Topic: Performances of People within Organizations, Institutions, Informational Systems, Economies and Nations. Trauma and Hurt - the experience of individuals; and Buffering and Buffeting - the functioning of groups/society.

Text Readings - Chapters 5, 7, 8, 16 and 17

Field assignment: Go back to the mall or shopping center that you went to on your first field assignment. Do the same thing that you did the first time. But now-what do you observe that you didn't see the first time?

Writing Assignment - write up your observations. For this assignment report on your return to mall, but also reflect on the various field experiences that you have had over the past few weeks. Note whether or not, and how your capacity to 'see' social relationships - roles, statuses, powers - being expressed, affirmed, challenged, developed in the dynamic environments in which they occur.

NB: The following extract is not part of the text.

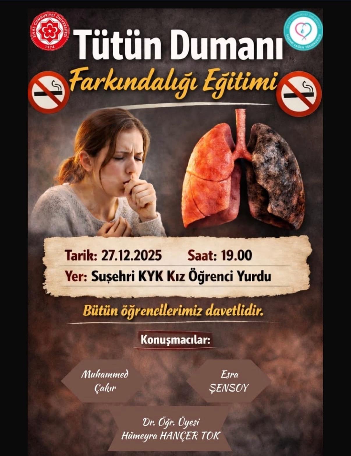 Yüksekokul öğrencilerimiz tarafından Suşehri KYK Kız Öğrenci Yurdunda kalan öğrencilere yönelik Tütün Dumanı Farkındalığı konulu etkinlik düzenlendi
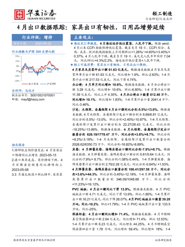 【华安证券】【20230522】20230522-华安证券-轻工制造行业4月出口数据跟踪:家具出口有韧性,日用品增势延续-23页 行业研究

Internet Discussion - What have you learned. How can you see things now, differently than you did 8 weeks ago. In what ways can this way of assessing the social/cultural/political milieu in which people act be of use to you in your work

June 9, 2009

"One Flew Over the Cuckoos Nest" Watch "One Flew over the Cuckoos Nest" Teacher will screen this movie in class today. If unable to stay for screening, rent a copy at Blockbusters, buy some popcorn and watch it this week at home. Take notes - I want you to observe what Erving Goffman called 'the definition of the situation' - the negotiation that goes on between people who are looking for each other's consent about the 'social environment' in which they are both embedded/embedding. This movie is partly about power, social power - the ability to define what is real, and the power to make that definition consequential - symbols have real, (and in the movie's case, tragic) consequences.
Writing Assignment - write up your observations of the movie.Post on the net

Field Assignment -no field assignment this week. Write up and post your final report.